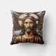 Jesus se posiciona com uma expressão serena, enquadrada por montanhas majestosas e um rio fluindo, incorporando paz e reflexão na beleza da natureza.
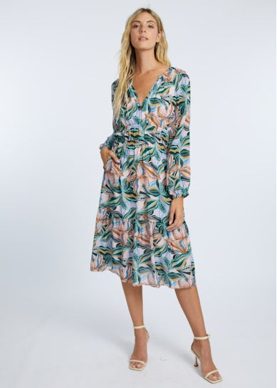 The dress is finished with a tiered ruffle at the hem, adding movement and charm to its design. Adorned in our exclusive Sea Leaves print, it showcases a vibrant mix of pink, blue, and deep green hues, brought to life through intricate leafy patterns. Perfect for any occasion, the Quinn Dress is your go-to piece for effortless elegance this season.
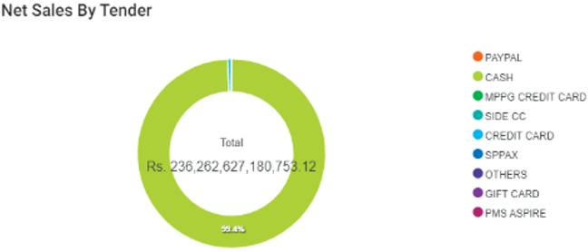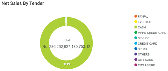- All the tender type that takes place for the selected time period for sales calculation appear here along with the graphical representation.
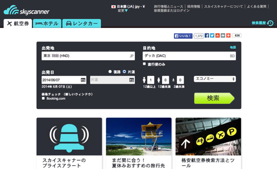 海外ホテルの予約で有名な「スカイゲート(現在はDeNAトラベル)」でも格安航空券を探すことができます。ホテル予約との連携が非常にスムーズなのがメリットですが、WEBトップ画面に表示されている航空券の価格には燃料代が含まれていないことに注意しましょう。
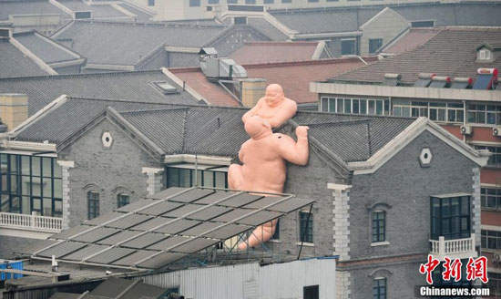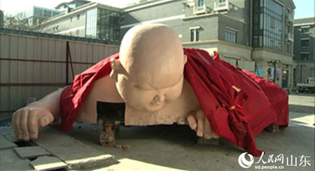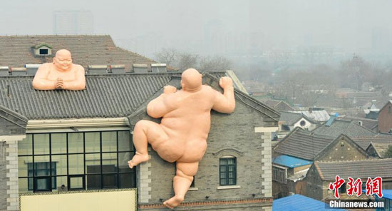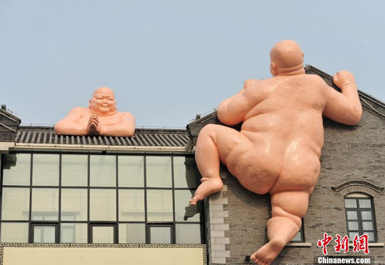 1月19日,中新網(wǎng)發(fā)了一組名為《攀房“裸佛”亮相濟(jì)南 似現(xiàn)實版“佛跳墻”》的圖片,圖片中,有兩個肉色的大型雕塑,一個“坐在”某兩層火鍋店的樓頂,一個攀附在墻上,做用力向上攀爬的姿勢。兩個雕塑造型都為年輕的胖子,其中坐在房頂?shù)呐肿佑薪赘,雙手合十,耳垂飽滿,很像一尊佛;爬墻的“胖子”有近六米高。因為爬墻的“胖子”背面赤裸,所以在網(wǎng)絡(luò)轉(zhuǎn)載和評論中,有網(wǎng)友將這兩尊雕塑稱為“裸佛”。
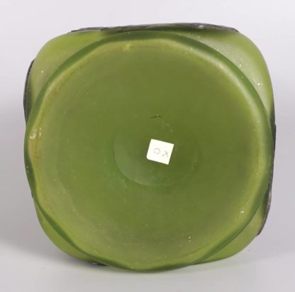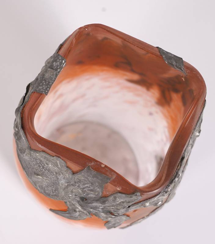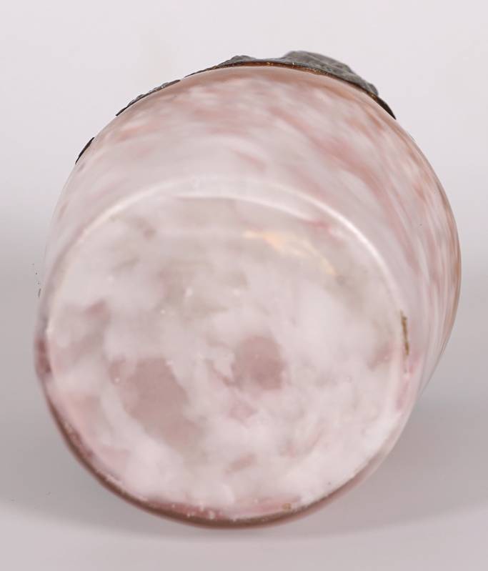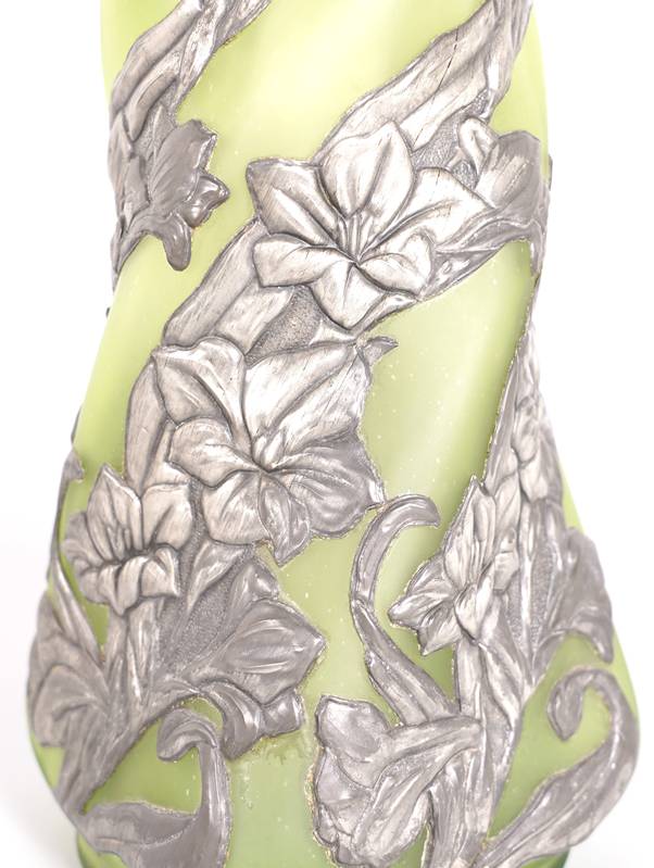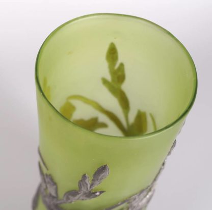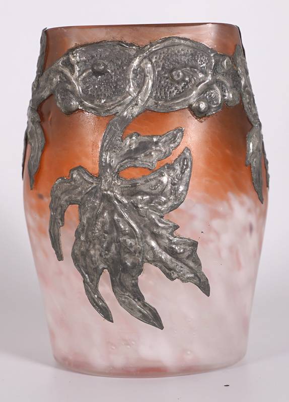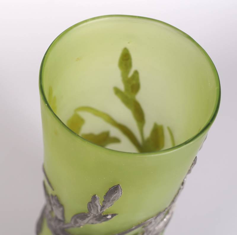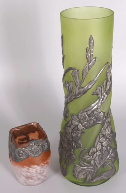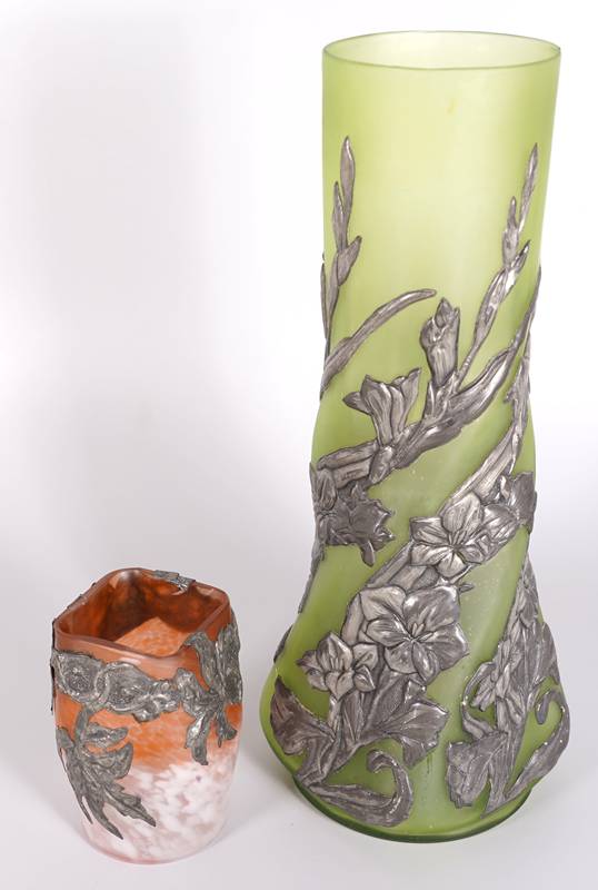 Wohl Frankreich um 1900. Ein grünes gedrehtes Glas und ein kleines Glas mit roséfarbenen Pulvereinschmelzungen, je mit floral gestalteter Zinnmontur. Durchmesser ca. 9/15 cm, Höhe ca. 12/35 cm. Altersbedingter Zustand wie abgebildet.
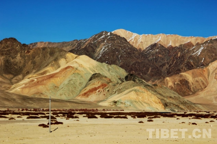 阿里地區(qū)地形復(fù)雜多樣,大致分為高原湖盆區(qū)、高山寬谷區(qū)、高山峽谷區(qū)三種形態(tài)。高海拔、高寒、日照時間長且輻射強等自然條件,使得阿里地區(qū)不僅擁有雄渾壯麗的高原風(fēng)光,而且隨海拔、光照、季節(jié)、山體巖層所含礦物質(zhì)種類等因素呈現(xiàn)出色彩繽紛的變化。圖為阿里地區(qū)噶爾縣一處多彩的山體 攝影:劉莉
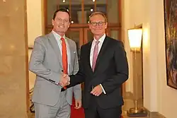 Grenell presented his credentials to the president of Germany on May 8, 2018.[43] Within hours of taking office, Grenell offended German diplomats and business leaders when he tweeted that "German companies doing business in Iran should wind down operations immediately".[44] The tweet was widely perceived as a threat, with the Foreign Minister of Luxembourg, Jean Asselborn, commenting that "This man was accredited as ambassador only yesterday. To give German businesses such orders (…) that is just not how you can treat your allies".[45] The leader of Germany's Social Democratic Party said that Grenell "does appear to need some tutoring" in the "fine art of diplomacy", while the Left Party urged the Merkel government to summon Grenell to explain his comments.[45]
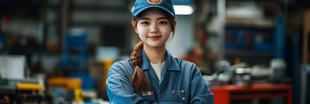 Asian female auto mechanic smiles with confidence in car workshop.
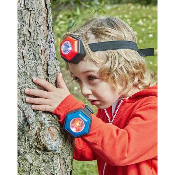 Durch das Klettband können die Taschenlampen um das Handgelenk oder um den Kopf getragen werden. Durch Drücken der Taste ändert sich die Farbe des Lichts (weiss, rot, blau und grün). Ausserdem haben die Lampen einen Magneten eingebaut, sodass man sie an magnetischen Oberflächen befestigen kann. Für die Taschenlampe werden 2 AAA-Batterien benötigt (nicht enthalten).
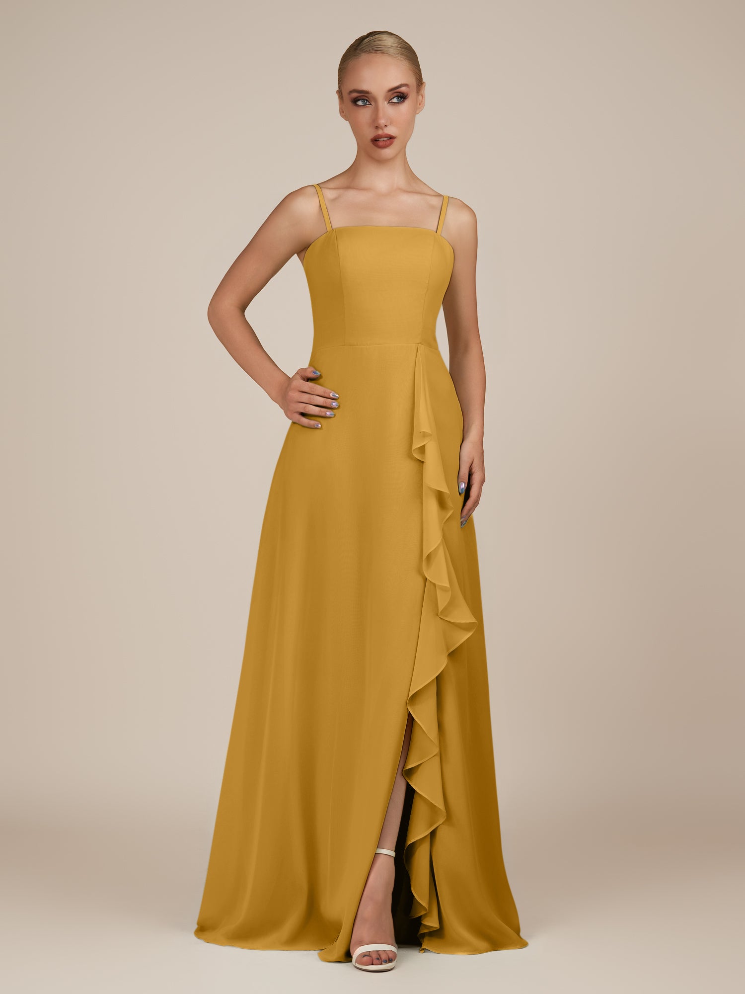 Queniva | Marigold - Sheath Chiffon Spaghetti Straps Ruffles Long Bridesmaid Dress with Slit
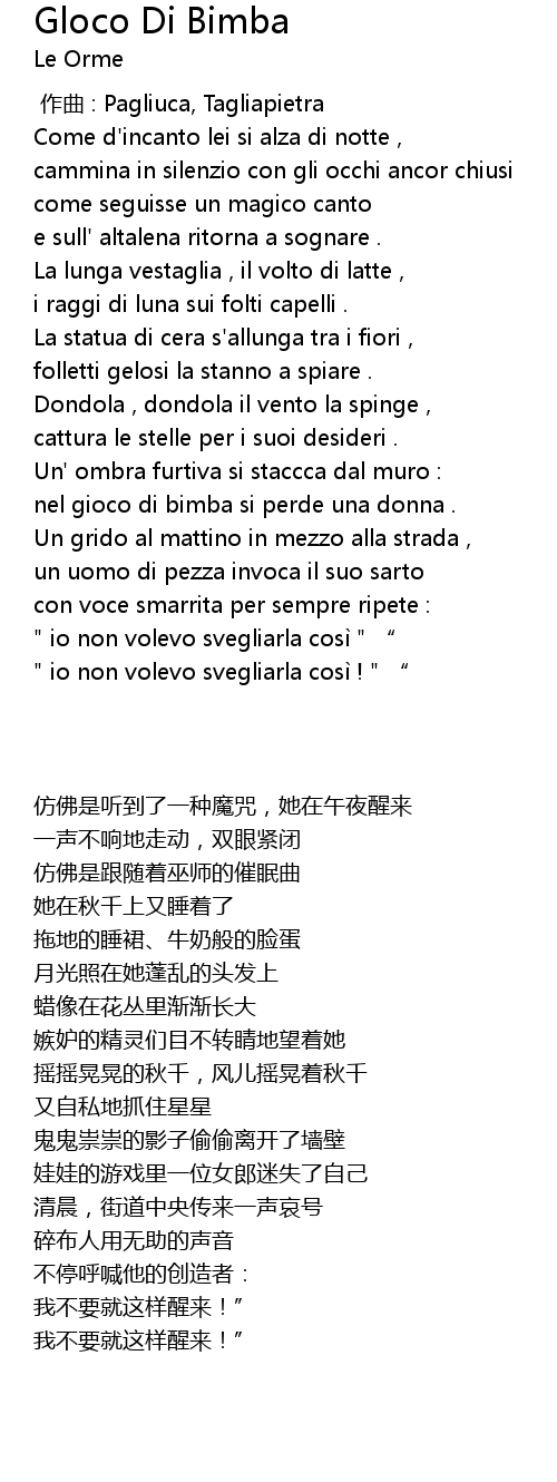 | [02:01.31] | nel gioco di bimba si perde una donna . |

▶ What this task involves
Return the lines above from the one with "The dress is" through the one with "1月19日,中新網(wǎng", verbatim and nothing else. Omit every picture.

▶ Written solution
 The dress is finished with a tiered ruffle at the hem, adding movement and charm to its design. Adorned in our exclusive Sea Leaves print, it showcases a vibrant mix of pink, blue, and deep green hues, brought to life through intricate leafy patterns. Perfect for any occasion, the Quinn Dress is your go-to piece for effortless elegance this season.
- All the tender type that takes place for the selected time period for sales calculation appear here along with the graphical representation.
 海外ホテルの予約で有名な「スカイゲート(現在はDeNAトラベル)」でも格安航空券を探すことができます。ホテル予約との連携が非常にスムーズなのがメリットですが、WEBトップ画面に表示されている航空券の価格には燃料代が含まれていないことに注意しましょう。
 1月19日,中新網(wǎng)發(fā)了一組名為《攀房“裸佛”亮相濟(jì)南 似現(xiàn)實版“佛跳墻”》的圖片,圖片中,有兩個肉色的大型雕塑,一個“坐在”某兩層火鍋店的樓頂,一個攀附在墻上,做用力向上攀爬的姿勢。兩個雕塑造型都為年輕的胖子,其中坐在房頂?shù)呐肿佑薪赘,雙手合十,耳垂飽滿,很像一尊佛;爬墻的“胖子”有近六米高。因為爬墻的“胖子”背面赤裸,所以在網(wǎng)絡(luò)轉(zhuǎn)載和評論中,有網(wǎng)友將這兩尊雕塑稱為“裸佛”。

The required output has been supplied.